-- What this task involves --
Return every line of the data below that includes the string "wooden".

-- Given data --

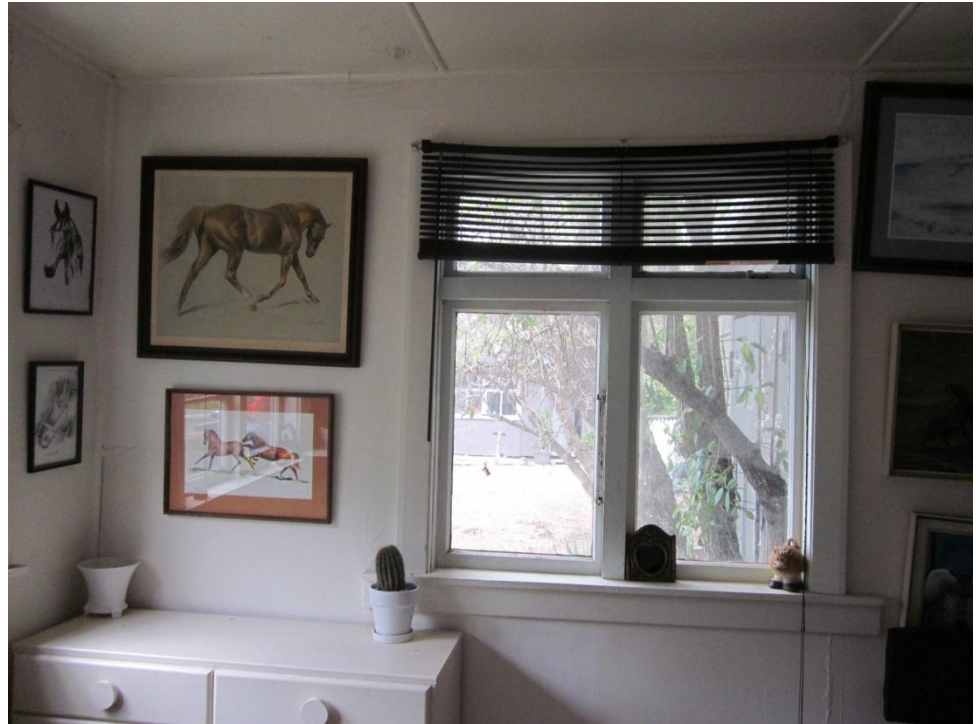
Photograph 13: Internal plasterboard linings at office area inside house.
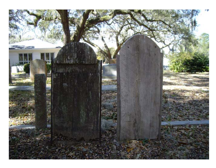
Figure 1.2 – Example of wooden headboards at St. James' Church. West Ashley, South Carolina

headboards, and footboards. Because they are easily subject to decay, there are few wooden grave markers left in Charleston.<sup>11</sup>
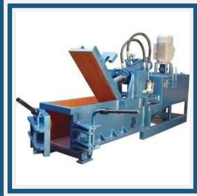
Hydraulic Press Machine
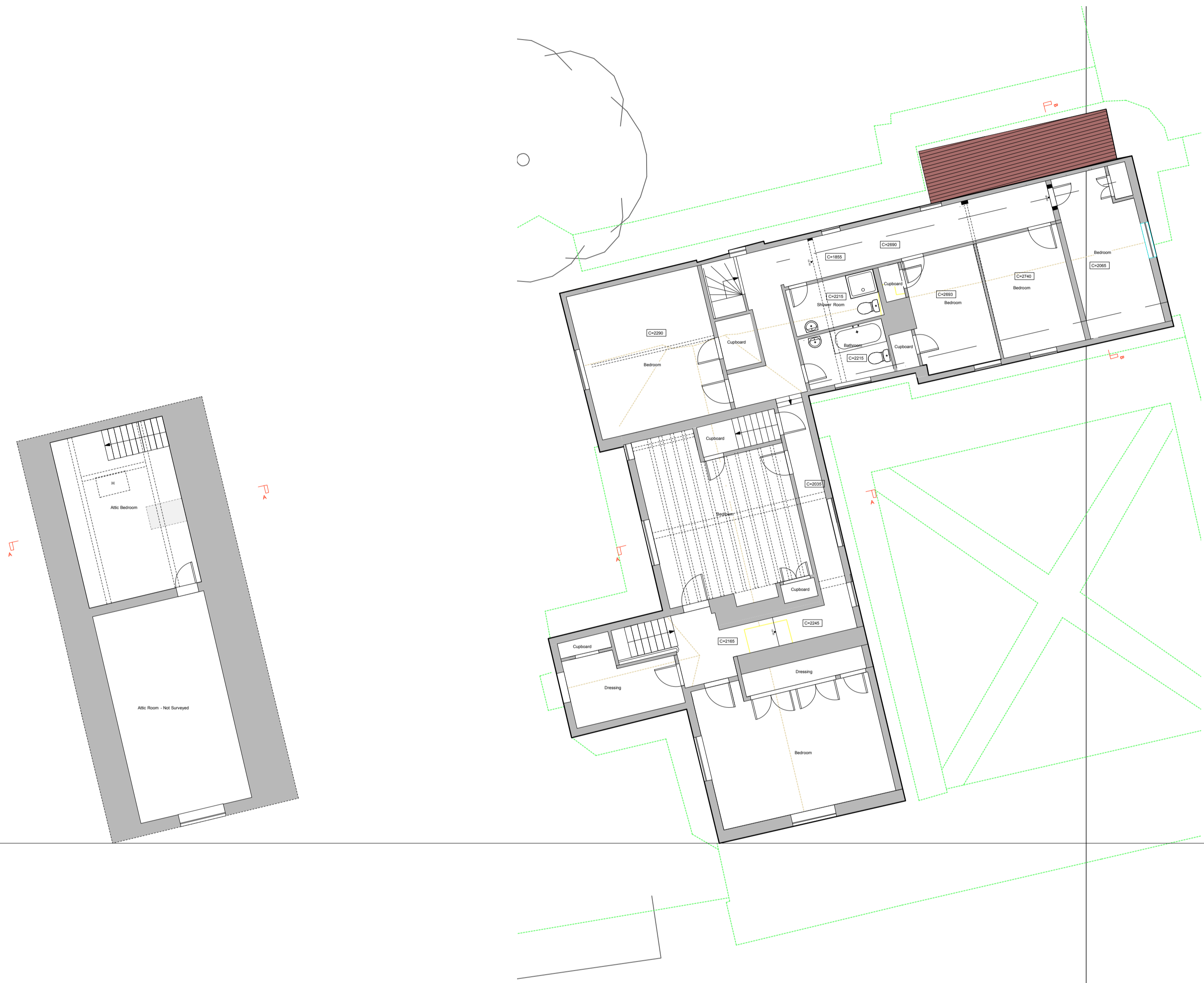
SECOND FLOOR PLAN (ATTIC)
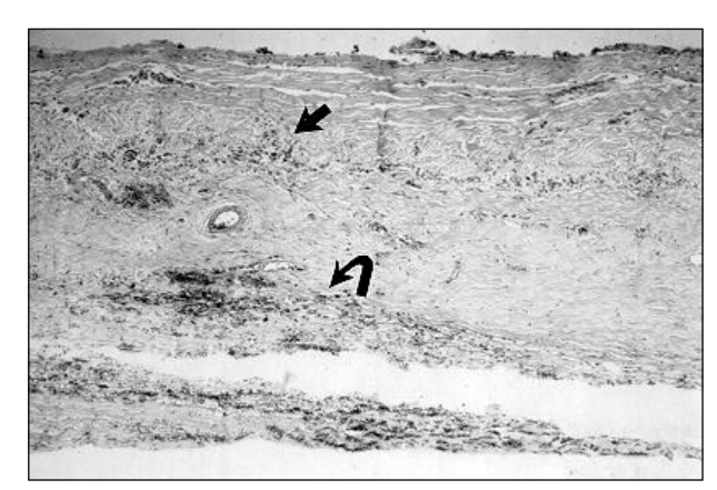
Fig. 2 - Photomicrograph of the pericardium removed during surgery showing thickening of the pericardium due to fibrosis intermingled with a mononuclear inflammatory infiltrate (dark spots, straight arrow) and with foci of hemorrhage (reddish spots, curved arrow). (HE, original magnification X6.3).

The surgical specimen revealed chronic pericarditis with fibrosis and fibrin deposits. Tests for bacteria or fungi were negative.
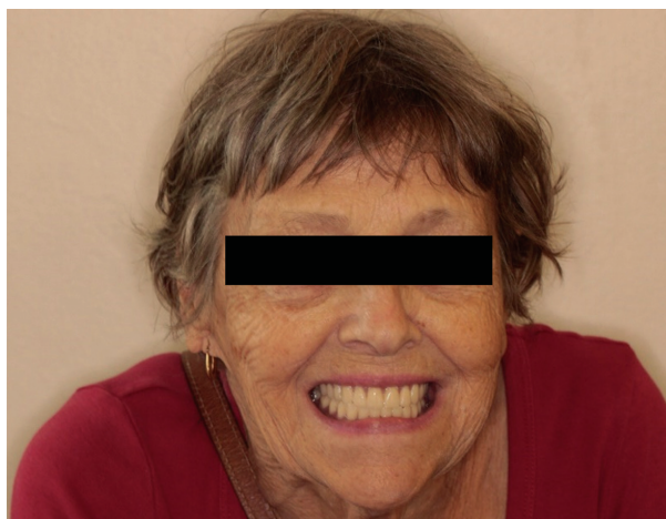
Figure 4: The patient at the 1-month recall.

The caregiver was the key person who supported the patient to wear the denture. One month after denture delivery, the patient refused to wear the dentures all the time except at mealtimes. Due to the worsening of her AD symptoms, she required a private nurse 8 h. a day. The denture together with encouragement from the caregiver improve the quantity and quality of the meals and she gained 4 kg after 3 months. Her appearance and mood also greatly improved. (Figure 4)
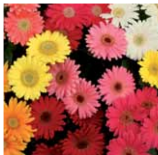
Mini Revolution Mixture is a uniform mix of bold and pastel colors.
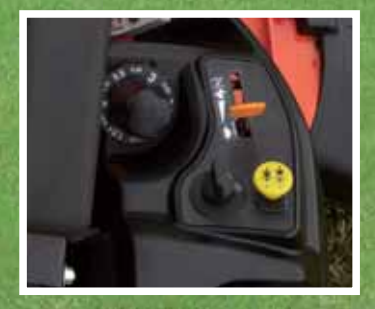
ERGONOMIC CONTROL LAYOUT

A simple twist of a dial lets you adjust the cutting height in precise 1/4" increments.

-- Reply to the task --
Figure 1.2 – Example of wooden headboards at St. James' Church. West Ashley, South Carolina
headboards, and footboards. Because they are easily subject to decay, there are few wooden grave markers left in Charleston.<sup>11</sup>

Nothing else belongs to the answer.